[Start of Attachment]
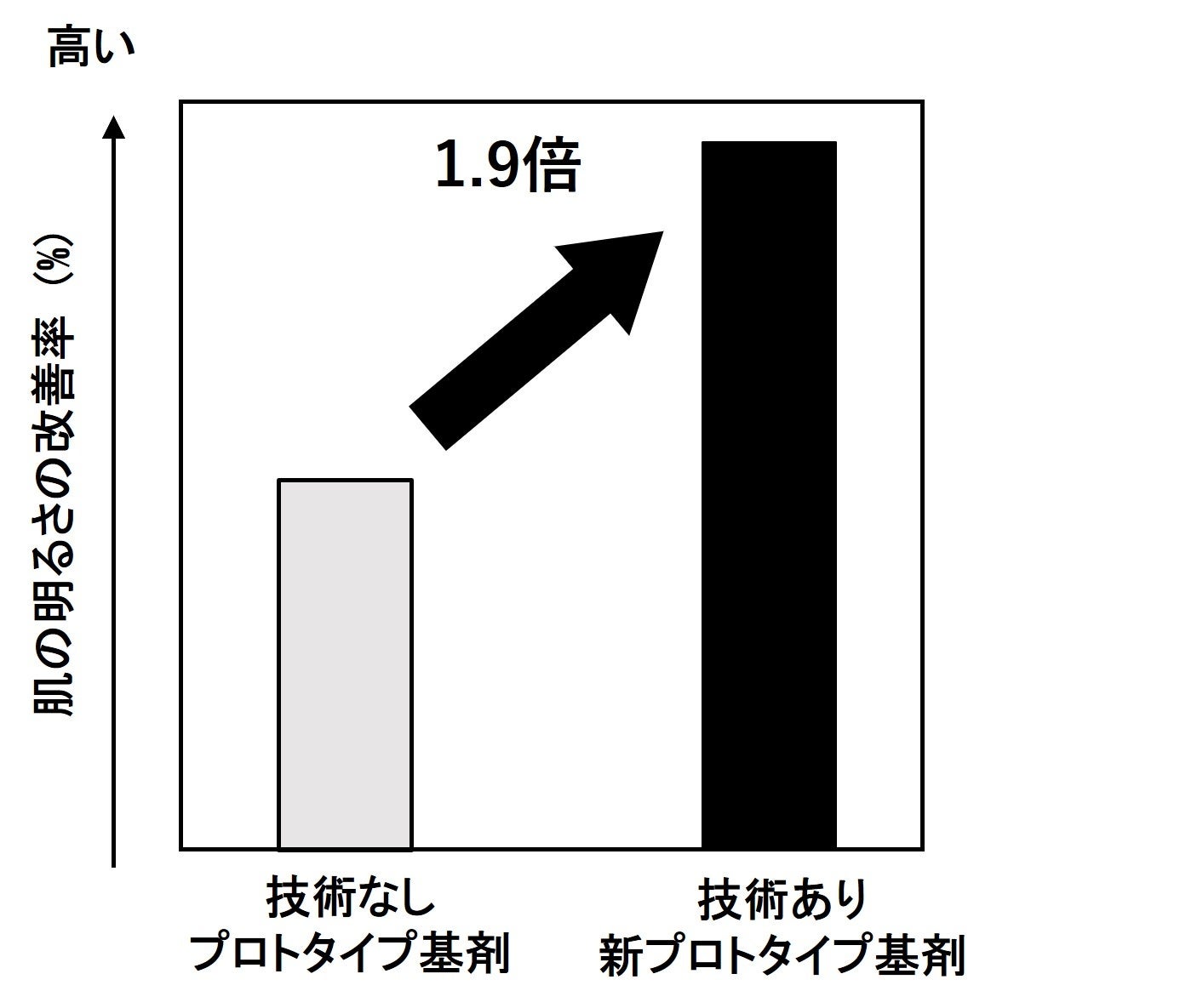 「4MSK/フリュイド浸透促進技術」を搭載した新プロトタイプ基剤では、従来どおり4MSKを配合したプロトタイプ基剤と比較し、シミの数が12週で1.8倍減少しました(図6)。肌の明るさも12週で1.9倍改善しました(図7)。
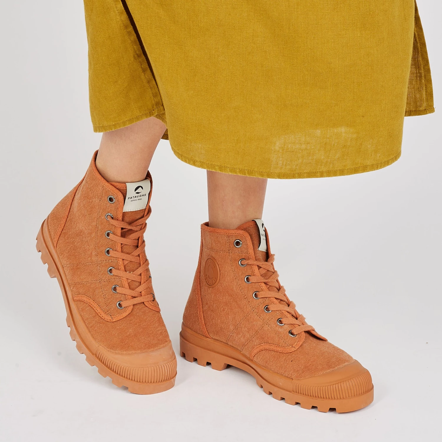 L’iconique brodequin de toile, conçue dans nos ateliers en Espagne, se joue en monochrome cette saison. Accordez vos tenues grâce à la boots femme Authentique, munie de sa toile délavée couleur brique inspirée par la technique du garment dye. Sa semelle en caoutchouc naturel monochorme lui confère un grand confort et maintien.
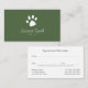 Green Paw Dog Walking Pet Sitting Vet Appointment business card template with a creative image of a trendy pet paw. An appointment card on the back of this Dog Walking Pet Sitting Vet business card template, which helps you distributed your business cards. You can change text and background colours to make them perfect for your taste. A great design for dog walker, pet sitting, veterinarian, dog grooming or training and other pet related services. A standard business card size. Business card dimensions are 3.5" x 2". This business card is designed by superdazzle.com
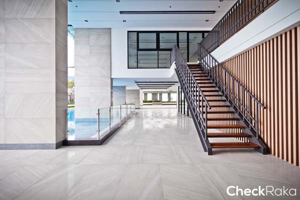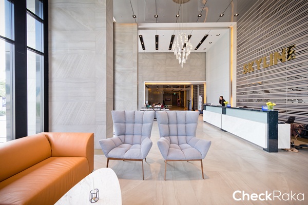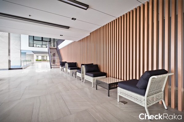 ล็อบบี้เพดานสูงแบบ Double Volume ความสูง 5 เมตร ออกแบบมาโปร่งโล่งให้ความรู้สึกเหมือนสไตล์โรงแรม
[End of Attachment]
◆ Work request
Each line of the data should be printed again exactly. Please leave pictures out.

◆ Your response
 「4MSK/フリュイド浸透促進技術」を搭載した新プロトタイプ基剤では、従来どおり4MSKを配合したプロトタイプ基剤と比較し、シミの数が12週で1.8倍減少しました(図6)。肌の明るさも12週で1.9倍改善しました(図7)。
 L’iconique brodequin de toile, conçue dans nos ateliers en Espagne, se joue en monochrome cette saison. Accordez vos tenues grâce à la boots femme Authentique, munie de sa toile délavée couleur brique inspirée par la technique du garment dye. Sa semelle en caoutchouc naturel monochorme lui confère un grand confort et maintien.
 Green Paw Dog Walking Pet Sitting Vet Appointment business card template with a creative image of a trendy pet paw. An appointment card on the back of this Dog Walking Pet Sitting Vet business card template, which helps you distributed your business cards. You can change text and background colours to make them perfect for your taste. A great design for dog walker, pet sitting, veterinarian, dog grooming or training and other pet related services. A standard business card size. Business card dimensions are 3.5" x 2". This business card is designed by superdazzle.com
 ล็อบบี้เพดานสูงแบบ Double Volume ความสูง 5 เมตร ออกแบบมาโปร่งโล่งให้ความรู้สึกเหมือนสไตล์โรงแรม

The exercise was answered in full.